**Requirement**
Exclude every picture. Output verbatim the lines from the one containing "Alguns átomos possuem" to the end of the data.

**Records provided**
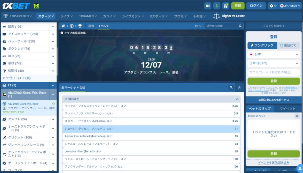ワンバイベット(1xBET)は2007年に創業されたブックメーカーサイトで、利用するプレイヤーには東欧圏最大規模を誇るブックメーカーサイトであると評価されることが多いです。今回のF1選手権のレースのオッズを取り扱う予定のF1カテゴリのほかに、サッカー・野球・テニスといった世界中で開催されるスポーツカテゴリに対して、1日に1,000を超えるオッズが公開されていることからも、ここのサイトの規模が大きいと把握できるでしょう。
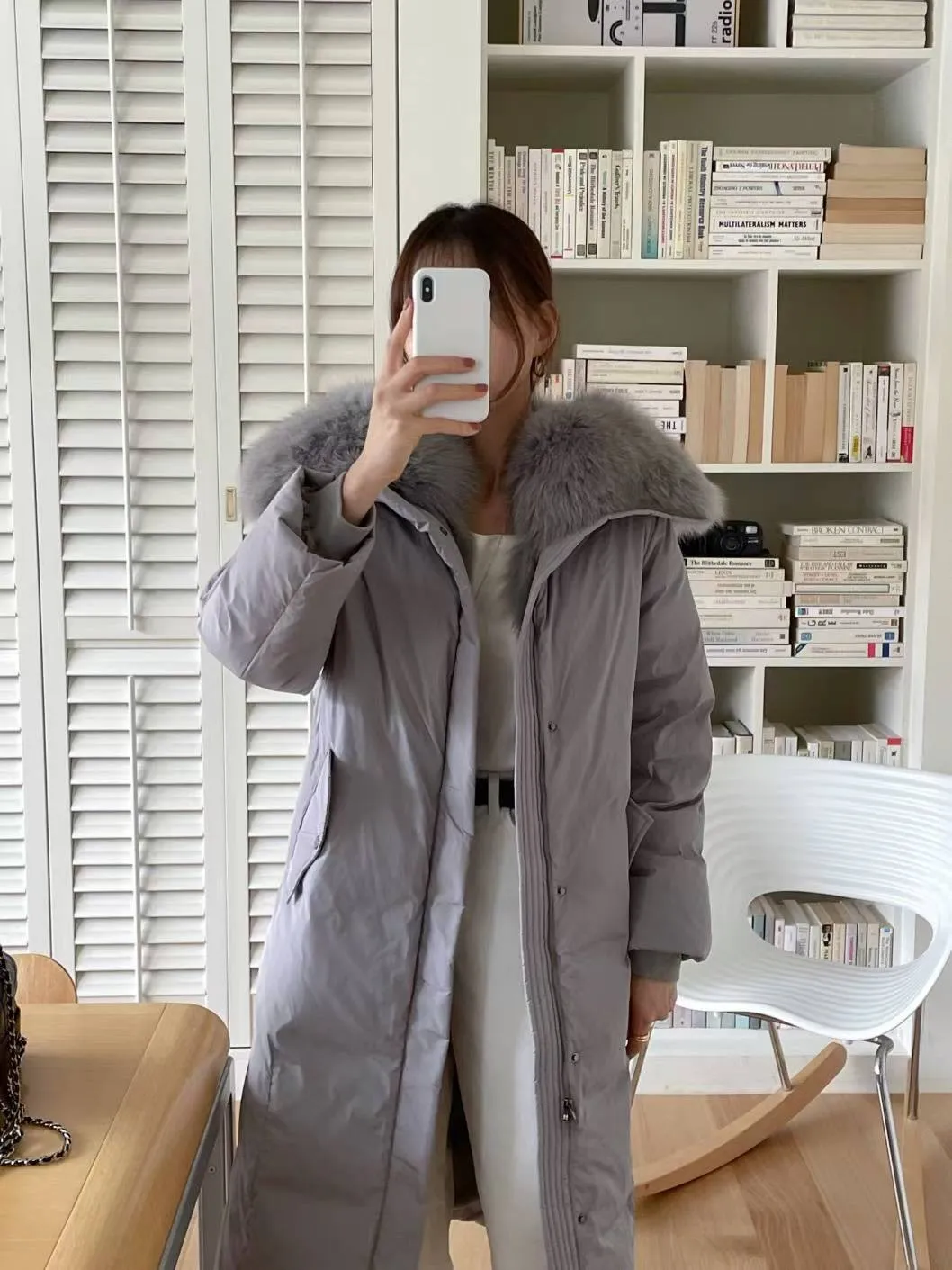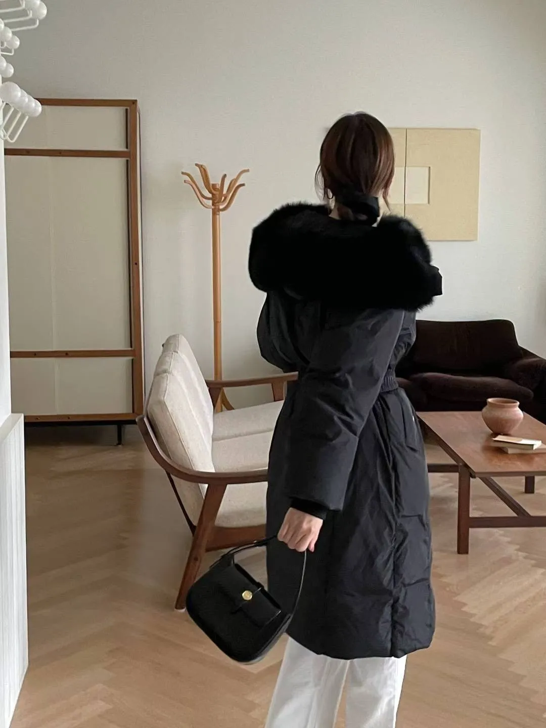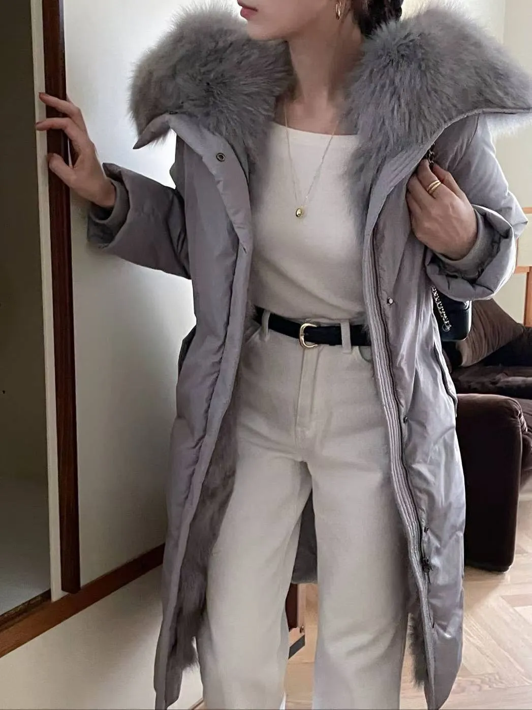 A27 1112質感設計家拼接異材質狐狸毛連帽鴨絨100%大衣外套附腰帶
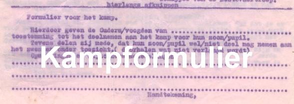 Onder getekende geeft hierbij toestemming voor het deelnemen van zijn/haar zoon aan het Pinksterkamp / het instructie-weekend / het zomerkamp 1971. Tevens verklaart hij/zij geen bezwaar te hebben tegen het onder toezicht zwemmen van zijn/haar zoon. (doorhalen wat niet van toepassing is). Deze strook en het Pinksterkampgeld vóór 22 mei a.s. inleveren. Het Zomerkampgeld en de contributie over het tweede kwartaal a.u.b. voor 12 juni betalen.
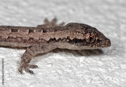 Naklejka premium Macro Photo of Mediterranean House Gecko on White Floor
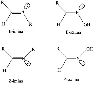 Alguns átomos possuem um par de elétrons ao invés de um substituinte. Par de elétrons são atribuídos a baixa prioridade pela conversão de CIP. Assim, as atribuições de configuração E-Z para compostos como iminas e oximas segue as mesma regras com R ou H > par de elétron.[6]
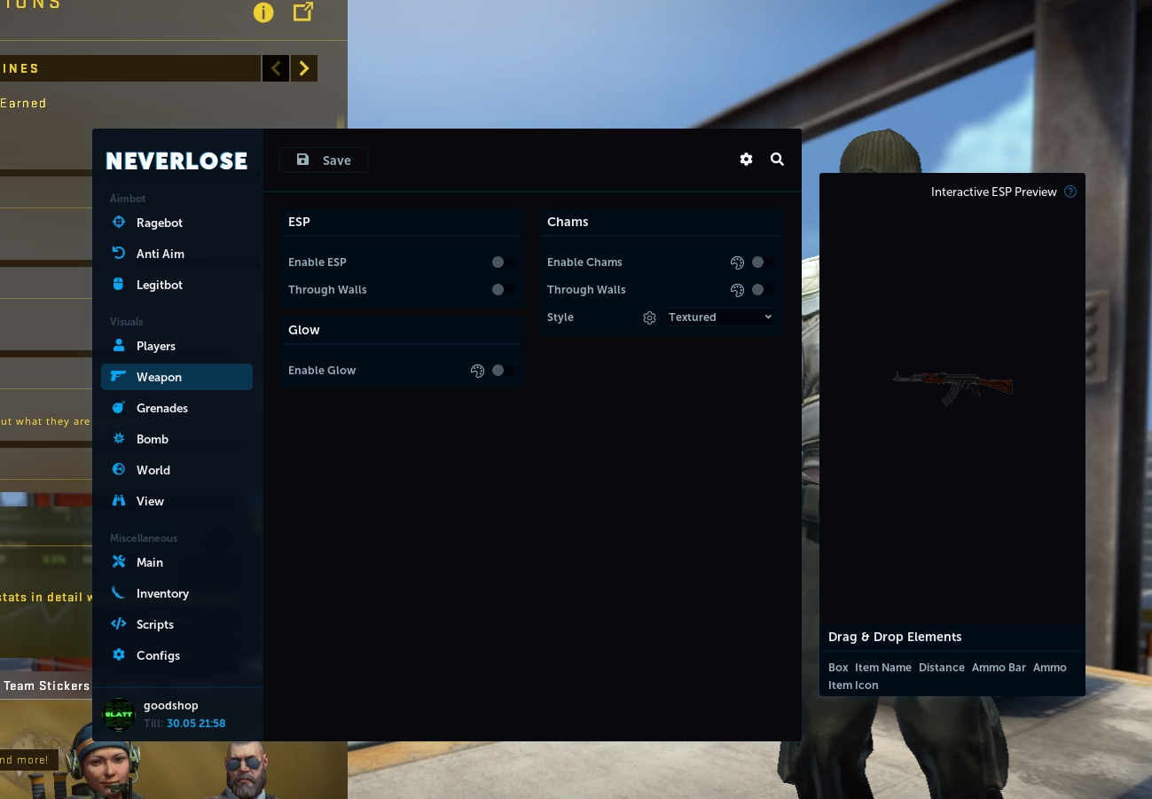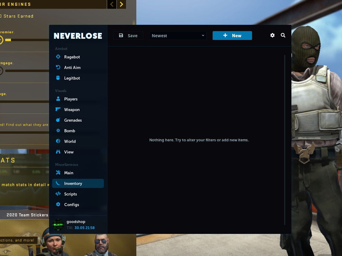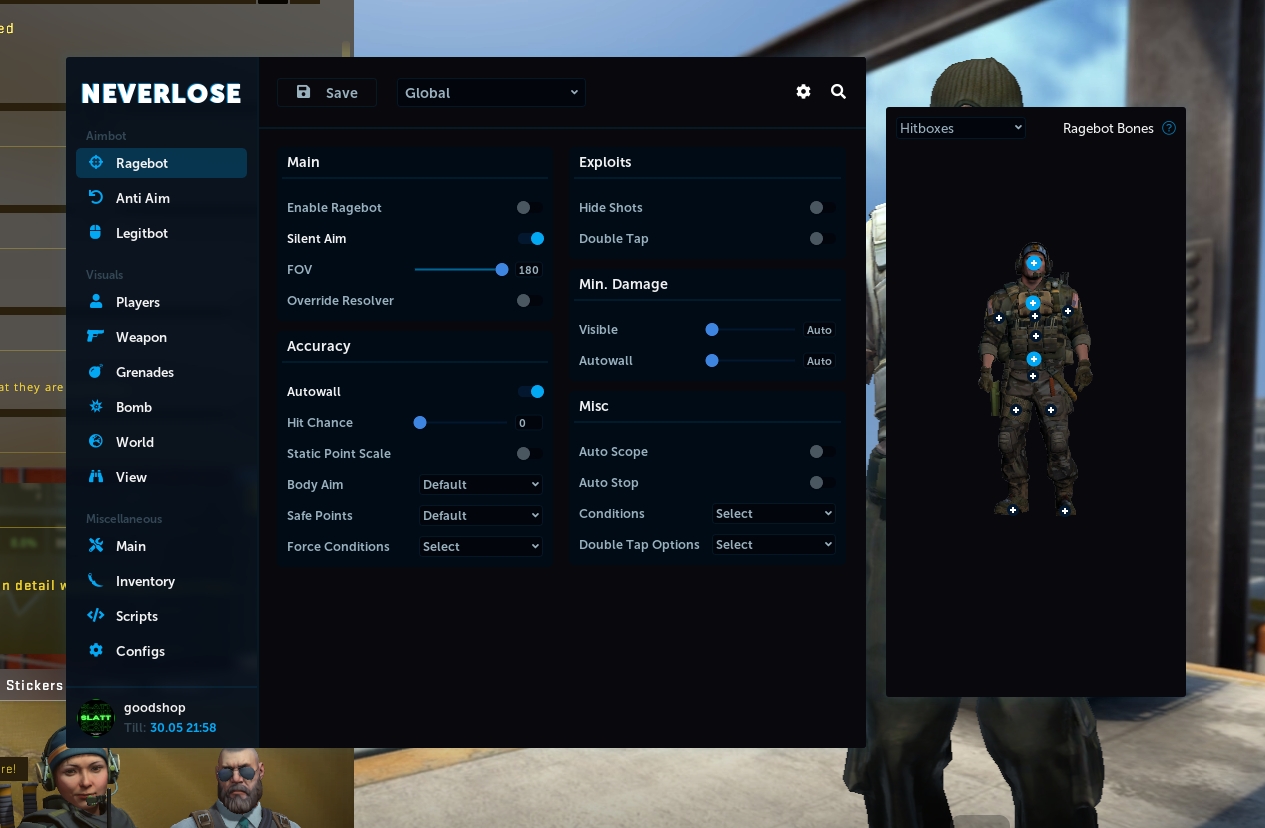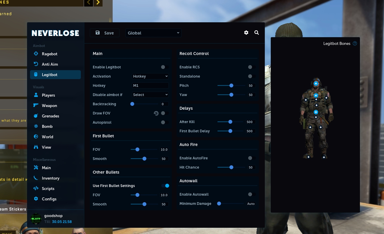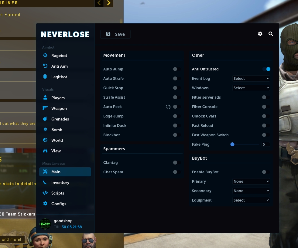 If you used spirthack before, you will find both cheat's layout are similar. As you seen from the menu, the left panel is neverlose's navigation panel which allows you to navigate through different tabs of the cheat. On the bottom right, you can see your username and your subscription due date.

**Answer to this task**
 Alguns átomos possuem um par de elétrons ao invés de um substituinte. Par de elétrons são atribuídos a baixa prioridade pela conversão de CIP. Assim, as atribuições de configuração E-Z para compostos como iminas e oximas segue as mesma regras com R ou H > par de elétron.[6]
 If you used spirthack before, you will find both cheat's layout are similar. As you seen from the menu, the left panel is neverlose's navigation panel which allows you to navigate through different tabs of the cheat. On the bottom right, you can see your username and your subscription due date.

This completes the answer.